Reporting, Reproach, and Our Republic
According to The Wall Street Journal of September 18, 2021, on September 17, 2021 attorney Michael Sussman was indicted by Special Counsel John Durham for lying to the FBI regarding Donald Trump’s association with Russians. Specifically, Sussman (allegedly) lied about the Russian-based Alfa Bank and the Trump Administration. Mr. Sussman was an attorney for the law firm Perkins Coie and was working for the Clinton Campaign when he presented then FBI general counsel James Baker documents purporting to show “secret internet communications between the Trump Organization and the Russian-based Alfa bank” on September 19, 2016.
The indictment reads that Sussman represented himself to the FBI General Counsel as a “good citizen” and was not working “for any client” and not an advocate for a candidate. It turns out that he was lying to the FBI, something that is taken quite seriously by our federal government.
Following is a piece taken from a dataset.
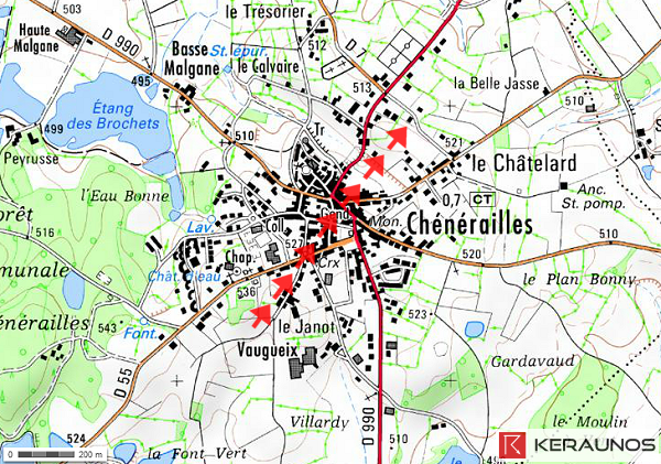 * commune traversée : CHÉNÉRAILLES (le Janot, gendarmerie, village)

Just ask Martha Stewart about lying to the FBI. The first question should be: How competent is an FBI who can be fooled by someone (even a lawyer, who are universally generalized as being adroit liars) who misleads them about their employer. I’m pretty sure that having access to tax records and financial transfers (of which it seems that the federal government can review) might reveal that someone is getting money transfers from a firm associated with a political campaign. I guess that the IRS is too busy examining citizens with more than six-hundred dollars in their bank account than to verify the income of wealthy and powerful liars.